A finishing step for roughness correction is therefore normally carried out on the face of the donor wafer on the detachment side to correct the excessive residual roughness after the recycling step so as to comply with the specifications.
The two-step detachment method is then carried out at the face whose roughness was corrected during the finishing step, in order to provide on the one hand a thin layer, optionally bonded onto a support, and on the other hand the donor wafer reduced by the thickness of the thin layer.
This donor wafer can then be reused for the fabrication of a second thin layer after subjecting it to another step of recycling and surface correction.
Although this type of method has provided genuine progress in the fabrication of thin layers, and especially in the fabrication of SOI structures, it is still desirable to improve it, especially in terms of efficiency, speed and fabrication cost, and in particular to reduce the number of fabrication steps.
It would thus be useful to substantially reduce the number of recycling steps required. For example, it would be conceivable to form a weakened region on each of the faces of the donor wafer, then to detach two thin layers simultaneously, as proposed for example in U.S. Pat. Nos. 6,613,678 and 5,856,229, thus avoiding intermediate recycling between two detachments.

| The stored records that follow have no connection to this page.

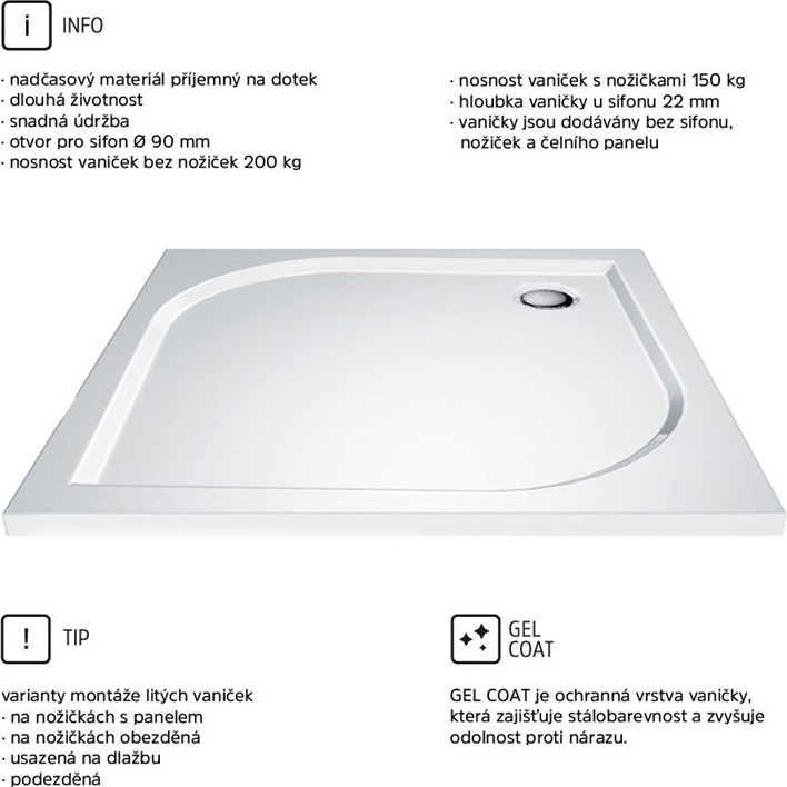 - otvor pro sifon ø 90 mm (sifon není součástí balení)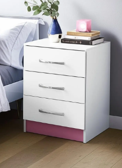 Mesa De Luz 3 Cajones – Gran Altura – Variados Colores – Rosa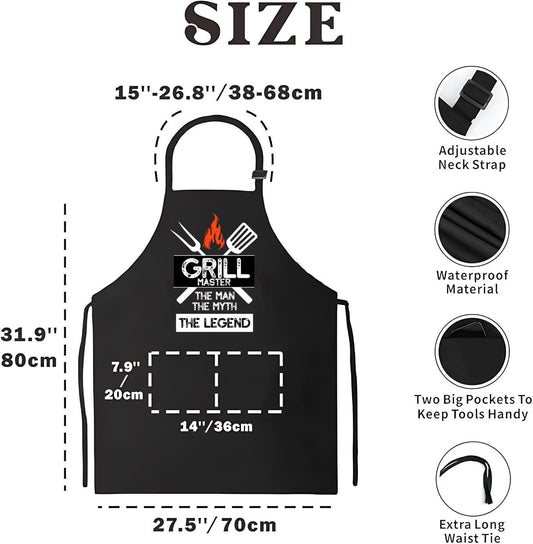 27.5x31.9 Inch Baking Aprons for Women and Men - Grill Master The Man The Myth The Legend Prints Apron - Polyester Kitchen Cooking Aprons with 2 Pocket - Funny BBQ Black Chef Aprons for Boys or Girls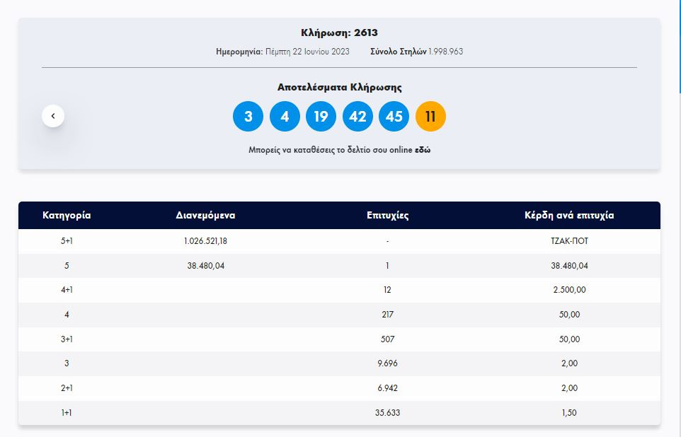 Οι τυχεροί αριθμοί: 3, 4, 19, 42, 45. ΤΖΟΚΕΡ: 11.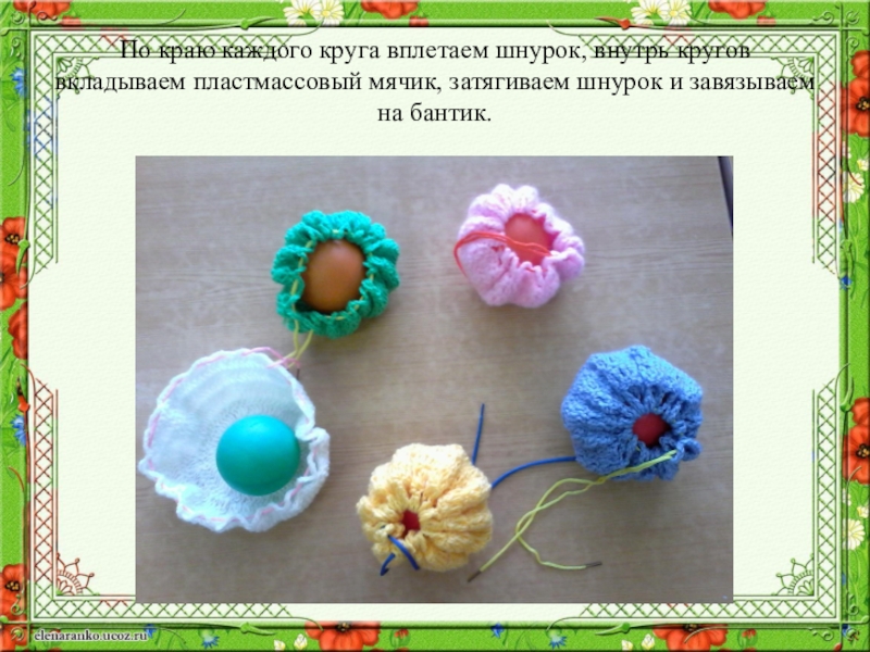 Слайд 3По краю каждого круга вплетаем шнурок, внутрь кругов вкладываем пластмассовый мячик,

Such double implantation followed by such double detachment, however, involves extra technical working difficulties such as the need to turn the donor wafer over in order to form the second weakened region, thus increasing the risk of contamination and electrical and mechanical damage, the need for large and expensive equipment to bond two receptor wafers simultaneously onto the two faces of the donor wafer, and more difficult coordination of the various working steps since both the handling and processing tasks are increased at the same time.
For these reasons, these latter methods do not constitute technical progress in relation to the former ones, but instead lead to undesirable extra technical difficulties.